• **Required action**
Once the line holding "- sadu 40 kartiček" is found in the listing below, write it out and each later line exactly, up to and including the one holding "ЕРЁМЕНКО МАРИЯ, студентка".

• **Supplied material**
= = = = =

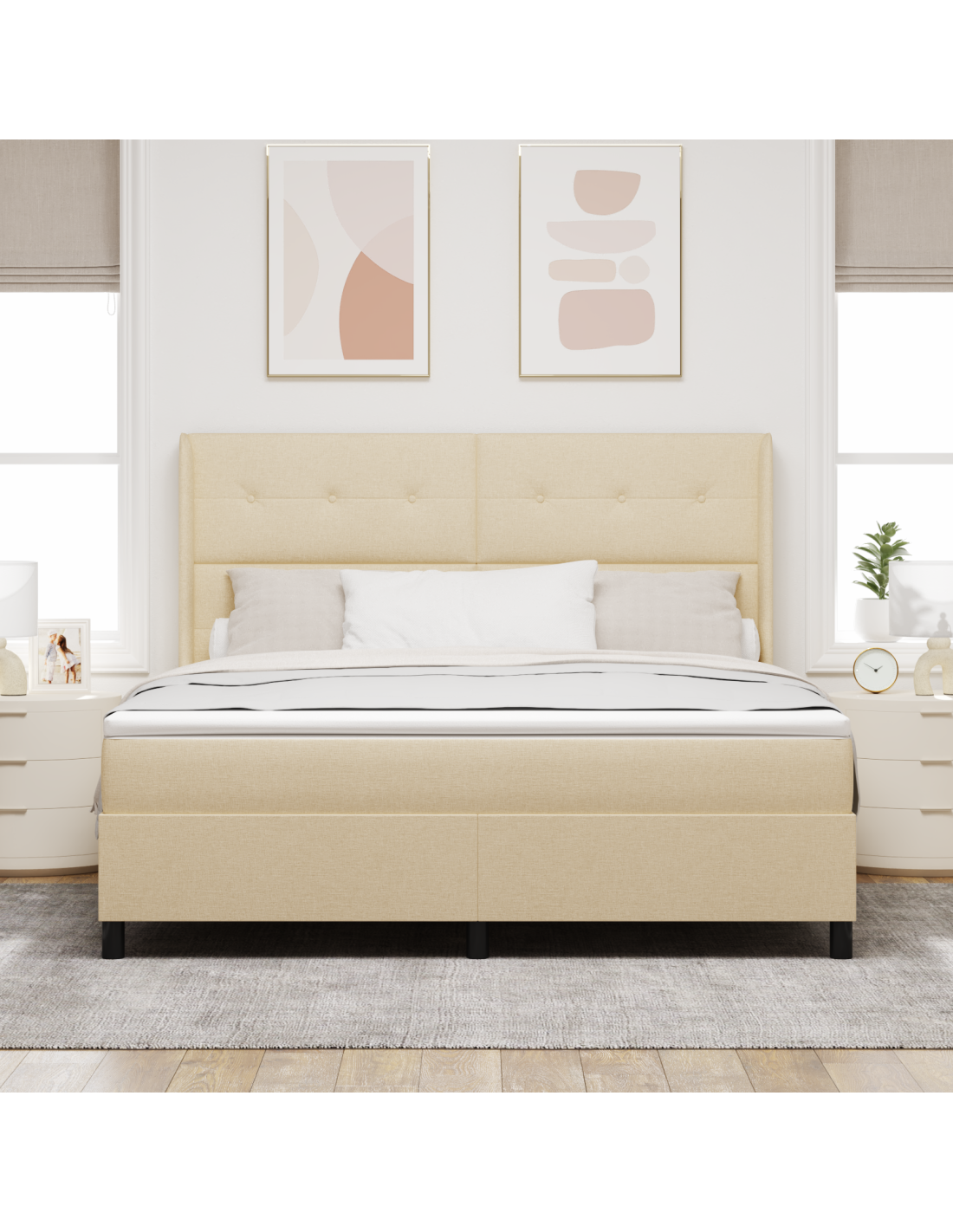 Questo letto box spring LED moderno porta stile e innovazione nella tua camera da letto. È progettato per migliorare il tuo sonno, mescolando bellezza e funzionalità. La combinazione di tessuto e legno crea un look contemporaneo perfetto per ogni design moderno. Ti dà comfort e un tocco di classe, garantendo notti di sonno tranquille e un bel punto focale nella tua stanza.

= = = = =

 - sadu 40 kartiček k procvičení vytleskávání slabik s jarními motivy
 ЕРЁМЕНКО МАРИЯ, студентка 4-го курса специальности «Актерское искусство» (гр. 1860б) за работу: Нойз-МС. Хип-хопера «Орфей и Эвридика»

= = = = =

• **Answer area**
 - sadu 40 kartiček k procvičení vytleskávání slabik s jarními motivy
 ЕРЁМЕНКО МАРИЯ, студентка 4-го курса специальности «Актерское искусство» (гр. 1860б) за работу: Нойз-МС. Хип-хопера «Орфей и Эвридика»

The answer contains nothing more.